What the task requires:
Reproduce exactly the lines from the start of the records through the line containing "兩邊實木框玻璃門,門內各帶一塊木制活動層板 * 腳底部裝有可調整的腳釘;", both included. Leave the pictures out.

Dataset excerpts
__________

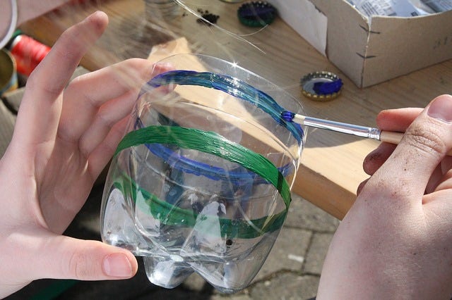 플라스틱 물병을 재활용할 수 있는 가장 창의적인 방법 중 하나는 예쁜 화분으로 만드는 것이다. 여기에는 1.5리터짜리 패트병, 물감, 붓 그리고 마커가 필요하다.
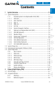 TOC Cover Sec 3 MFD Sec 4 Hazard Avoidance Sec 5 Additional Features Sec 6 Annun. & Alerts Sec 7 Symbols Sec 8 Glossary Appendix A Appendix B Index xi Sec 2 PFD Garmin G500/600 Pilot’s Guide Sec 1 System 190-00601-02 Rev. H Forward 4.4.5.4 Premature Descent Alerting.................................................. 4-20 4.4.5.5 Inhibiting/Enabling TAWS Alerting......................................... 4-22 4.4.5.6 Five-Hundred Aural Alert.......................................................
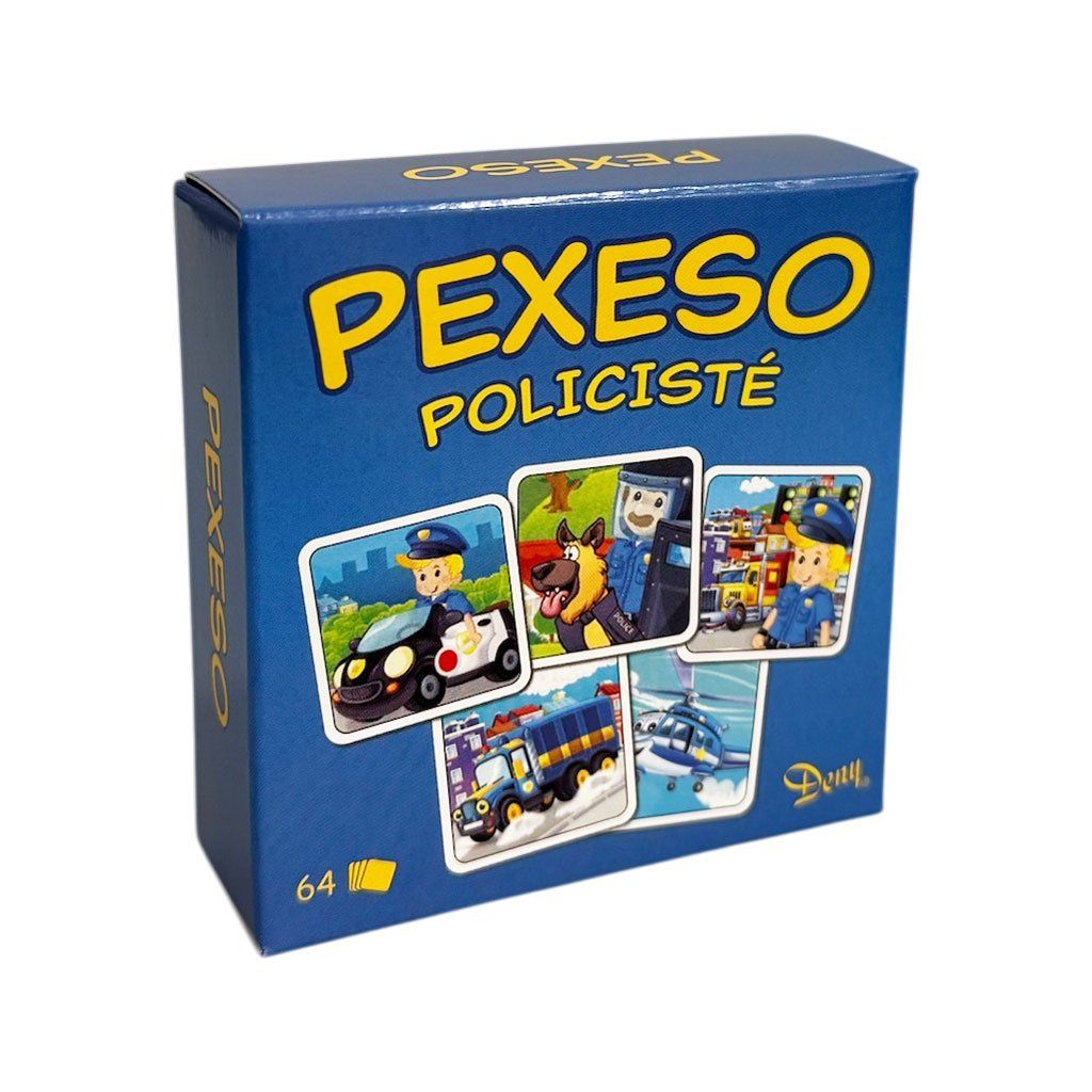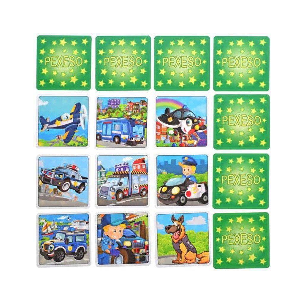 Pexeso Policisté v krabičce. Balení obsahuje 64 karet (32 párů) + 2 karty s pravidly.
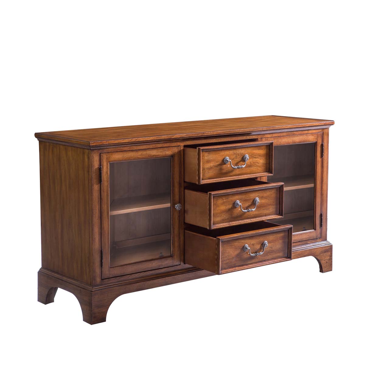 * 3個儲物抽斗,采用硬木實木滑軌設計; * 兩邊實木框玻璃門,門內各帶一塊木制活動層板 * 腳底部裝有可調整的腳釘;
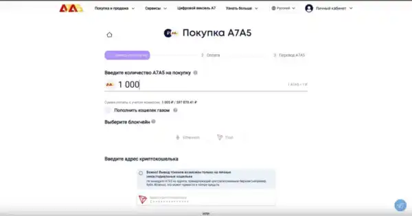 Une fois le paiement confirmé, les jetons A7A5 sont émis et crédités directement à l'adresse du portefeuille spécifiée sur le réseau sélectionné.
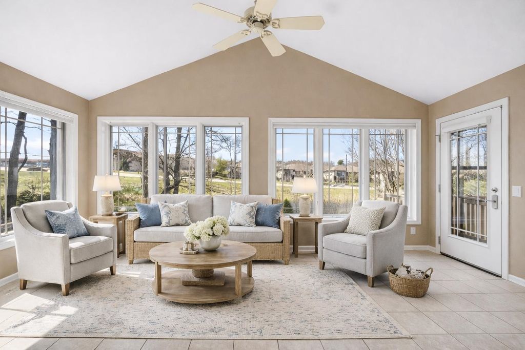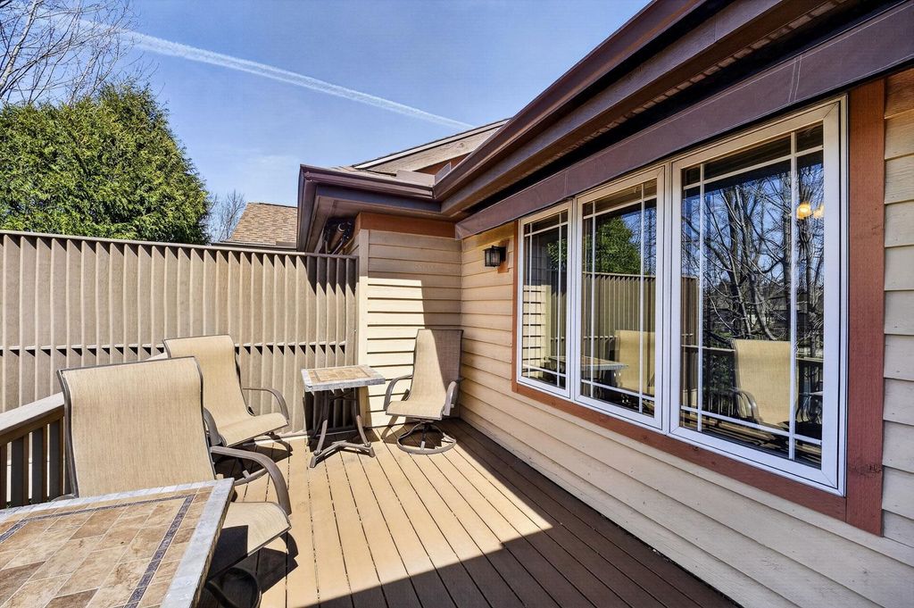 Set within a desirable communities, this ranch-style half duplex offers a refined blend of comfort, convenience, and elevated living"”perfect blend of low-maintenance lifestyle without compromise. From the moment you enter the spacious foyer, the home's thoughtful design & quality finishes are immediately apparent. Rich hardwd flring flows through much of the main level, connecting rooms in a seamless, elegant layout. Vaulted ceiling & gas FP with built-ins on either side draw your attention in the lvrm. Updated kitchen is both stylish & functional, featuring granite countertops, ss appliances, gas stove & double oven. Sunrm captures southwest exposure-bathed in natural light, offers calming views over the adjoining pond & has access to the deck. Primary suite includes vaulted ceiling, en suite & WIC. LL offers 9' ceilings, spacious fam rm with gas FP, wet bar & walkout patio. 2 bdrms with WIC's & a full bath & ample storage! Enjoy clubhouse, pool, tennis & scenic green space with pond.
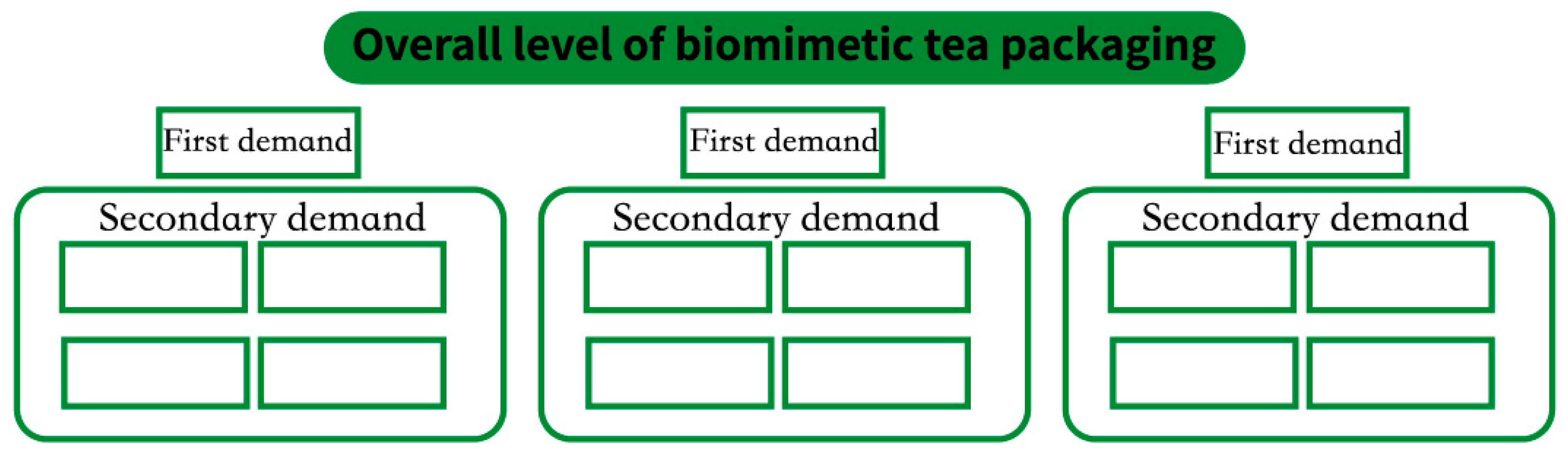 29]. By mapping designers’ needs to functional specifications, it derives optimization strategies for biomimetic tea packaging design [
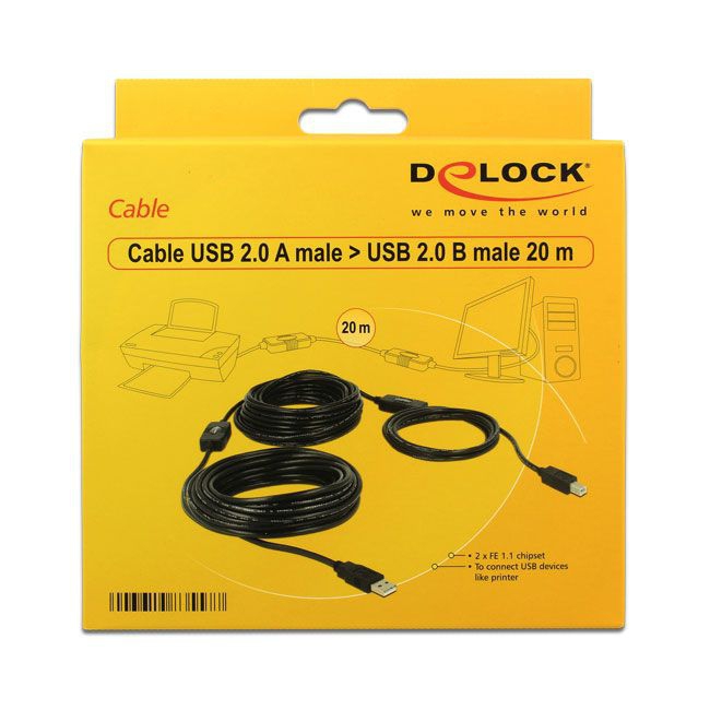Very long USB cable, 20m, for USB 2.0 and USB 1.1, with 2 integrated repeaters, USB 2.0 High Speed (480 Mbps), plug A to plug B, high quality, colour: black
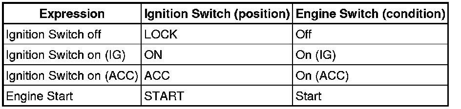 The type of ignition switch used on this model differs according to the specifications of the vehicle. The expressions listed in the table below are used in this section.
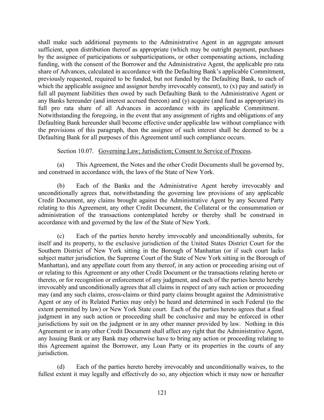 shall make such additional payments to the Administrative Agent in an aggregate amount sufficient, upon distribution thereof as appropriate (which may be outright payment, purchases by the assignee of participations or subparticipations, or other compensating actions, including funding, with the consent of the Borrower and the Administrative Agent, the applicable pro rata share of Advances, calculated in accordance with the Defaulting Bank’s applicable Commitment, previously requested, required to be funded, but not funded by the Defaulting Bank, to each of which the applicable assignee and assignor hereby irrevocably consent), to (x) pay and satisfy in full all payment liabilities then owed by such Defaulting Bank to the Administrative Agent or any Banks hereunder (and interest accrued thereon) and (y) acquire (and fund as appropriate) its full pro rata share of all Advances in accordance with its applicable Commitment. Notwithstanding the foregoing, in the event that any assignment of rights and obligations of any Defaulting Bank hereunder shall become effective under applicable law without compliance with the provisions of this paragraph, then the assignee of such interest shall be deemed to be a Defaulting Bank for all purposes of this Agreement until such compliance occurs. Section 10.07. Governing Law; Jurisdiction; Consent to Service of Process. (a) This Agreement, the Notes and the other Credit Documents shall be governed by, and construed in accordance with, the laws of the State of New York. (b) Each of the Banks and the Administrative Agent hereby irrevocably and unconditionally agrees that, notwithstanding the governing law provisions of any applicable Credit Document, any claims brought against the Administrative Agent by any Secured Party relating to this Agreement, any other Credit Document, the Collateral or the consummation or administration of the transactions contemplated hereby or thereby shall be construed in accordance with and governed by the law of the State of New York. (c) Each of the parties hereto hereby irrevocably and unconditionally submits, for itself and its property, to the exclusive jurisdiction of the United States District Court for the Southern District of New York sitting in the Borough of Manhattan (or if such court lacks subject matter jurisdiction, the Supreme Court of the State of New York sitting in the Borough of Manhattan), and any appellate court from any thereof, in any action or proceeding arising out of or relating to this Agreement or any other Credit Document or the transactions relating hereto or thereto, or for recognition or enforcement of any judgment, and each of the parties hereto hereby irrevocably and unconditionally agrees that all claims in respect of any such action or proceeding may (and any such claims, cross-claims or third party claims brought against the Administrative Agent or any of its Related Parties may only) be heard and determined in such Federal (to the extent permitted by law) or New York State court. Each of the parties hereto agrees that a final judgment in any such action or proceeding shall be conclusive and may be enforced in other jurisdictions by suit on the judgment or in any other manner provided by law. Nothing in this Agreement or in any other Credit Document shall affect any right that the Administrative Agent, any Issuing Bank or any Bank may otherwise have to bring any action or proceeding relating to this Agreement against the Borrower, any Loan Party or its properties in the courts of any jurisdiction. (d) Each of the parties hereto hereby irrevocably and unconditionally waives, to the fullest extent it may legally and effectively do so, any objection which it may now or hereafter 121

__________

Response area:
 플라스틱 물병을 재활용할 수 있는 가장 창의적인 방법 중 하나는 예쁜 화분으로 만드는 것이다. 여기에는 1.5리터짜리 패트병, 물감, 붓 그리고 마커가 필요하다.
 TOC Cover Sec 3 MFD Sec 4 Hazard Avoidance Sec 5 Additional Features Sec 6 Annun. & Alerts Sec 7 Symbols Sec 8 Glossary Appendix A Appendix B Index xi Sec 2 PFD Garmin G500/600 Pilot’s Guide Sec 1 System 190-00601-02 Rev. H Forward 4.4.5.4 Premature Descent Alerting.................................................. 4-20 4.4.5.5 Inhibiting/Enabling TAWS Alerting......................................... 4-22 4.4.5.6 Five-Hundred Aural Alert.......................................................
 Pexeso Policisté v krabičce. Balení obsahuje 64 karet (32 párů) + 2 karty s pravidly.
 * 3個儲物抽斗,采用硬木實木滑軌設計; * 兩邊實木框玻璃門,門內各帶一塊木制活動層板 * 腳底部裝有可調整的腳釘;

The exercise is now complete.